### AIM OF THE TASK
Look through the listing below and write out exactly the lines from the line with "1500* Edward VII" to the line with "Illustration of furnace", both included, and no others.

════════════════

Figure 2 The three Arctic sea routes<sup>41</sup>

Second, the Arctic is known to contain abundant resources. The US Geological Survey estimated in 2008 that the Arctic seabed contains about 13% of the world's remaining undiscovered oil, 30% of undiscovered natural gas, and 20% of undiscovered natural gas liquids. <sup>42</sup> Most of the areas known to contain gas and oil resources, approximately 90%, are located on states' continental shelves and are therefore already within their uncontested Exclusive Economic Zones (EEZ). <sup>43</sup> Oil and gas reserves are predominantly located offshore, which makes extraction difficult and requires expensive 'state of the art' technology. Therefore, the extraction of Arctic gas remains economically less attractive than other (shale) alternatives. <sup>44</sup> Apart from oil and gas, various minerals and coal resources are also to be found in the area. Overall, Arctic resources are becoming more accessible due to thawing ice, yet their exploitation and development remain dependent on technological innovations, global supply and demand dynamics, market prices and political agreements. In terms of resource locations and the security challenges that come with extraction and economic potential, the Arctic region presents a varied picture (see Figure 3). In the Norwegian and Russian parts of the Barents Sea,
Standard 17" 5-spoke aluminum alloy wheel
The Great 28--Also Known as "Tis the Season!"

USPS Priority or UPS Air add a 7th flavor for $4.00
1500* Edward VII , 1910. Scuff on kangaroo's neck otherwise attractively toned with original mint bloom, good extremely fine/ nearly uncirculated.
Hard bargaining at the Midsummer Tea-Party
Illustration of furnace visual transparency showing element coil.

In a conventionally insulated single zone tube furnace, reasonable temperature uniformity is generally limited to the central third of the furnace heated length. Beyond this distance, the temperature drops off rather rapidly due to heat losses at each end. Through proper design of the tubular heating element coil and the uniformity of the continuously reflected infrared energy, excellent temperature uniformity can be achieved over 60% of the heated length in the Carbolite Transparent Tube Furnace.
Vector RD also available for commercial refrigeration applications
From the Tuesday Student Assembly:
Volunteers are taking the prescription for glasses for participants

════════════════

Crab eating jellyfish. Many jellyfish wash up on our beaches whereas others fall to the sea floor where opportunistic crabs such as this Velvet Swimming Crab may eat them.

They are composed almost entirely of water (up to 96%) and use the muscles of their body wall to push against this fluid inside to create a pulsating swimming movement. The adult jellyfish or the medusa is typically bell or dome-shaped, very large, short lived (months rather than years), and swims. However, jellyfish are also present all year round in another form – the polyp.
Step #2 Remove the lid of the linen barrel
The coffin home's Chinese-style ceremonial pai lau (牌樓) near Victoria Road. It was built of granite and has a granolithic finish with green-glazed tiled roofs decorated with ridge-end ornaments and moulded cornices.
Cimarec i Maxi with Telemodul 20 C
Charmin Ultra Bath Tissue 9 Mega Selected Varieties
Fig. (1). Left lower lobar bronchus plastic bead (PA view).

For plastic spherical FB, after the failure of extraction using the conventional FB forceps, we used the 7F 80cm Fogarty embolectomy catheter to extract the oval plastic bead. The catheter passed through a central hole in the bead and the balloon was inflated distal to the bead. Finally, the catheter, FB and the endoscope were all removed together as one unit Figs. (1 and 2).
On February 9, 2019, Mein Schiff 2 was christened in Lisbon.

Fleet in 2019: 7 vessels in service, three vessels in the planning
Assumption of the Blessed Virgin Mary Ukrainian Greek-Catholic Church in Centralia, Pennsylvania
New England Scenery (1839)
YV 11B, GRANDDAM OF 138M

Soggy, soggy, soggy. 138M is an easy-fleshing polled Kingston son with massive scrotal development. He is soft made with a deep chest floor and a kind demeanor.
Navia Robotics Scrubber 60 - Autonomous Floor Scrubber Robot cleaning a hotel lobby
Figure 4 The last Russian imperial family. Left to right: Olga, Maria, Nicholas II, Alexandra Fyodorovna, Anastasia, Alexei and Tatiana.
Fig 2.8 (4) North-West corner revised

════════════════

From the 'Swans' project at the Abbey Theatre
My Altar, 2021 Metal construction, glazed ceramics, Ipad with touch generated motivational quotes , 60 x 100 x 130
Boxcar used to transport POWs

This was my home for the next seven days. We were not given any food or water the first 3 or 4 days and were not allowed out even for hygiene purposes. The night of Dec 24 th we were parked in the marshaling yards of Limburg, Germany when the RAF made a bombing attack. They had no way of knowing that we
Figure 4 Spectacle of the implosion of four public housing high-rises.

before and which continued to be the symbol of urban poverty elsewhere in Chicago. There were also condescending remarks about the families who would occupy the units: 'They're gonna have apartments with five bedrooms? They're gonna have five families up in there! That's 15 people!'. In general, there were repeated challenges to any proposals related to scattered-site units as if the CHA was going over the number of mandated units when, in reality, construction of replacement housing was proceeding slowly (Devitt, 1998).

════════════════

### RESULT OF THE TASK
1500* Edward VII , 1910. Scuff on kangaroo's neck otherwise attractively toned with original mint bloom, good extremely fine/ nearly uncirculated.
Hard bargaining at the Midsummer Tea-Party
Illustration of furnace visual transparency showing element coil.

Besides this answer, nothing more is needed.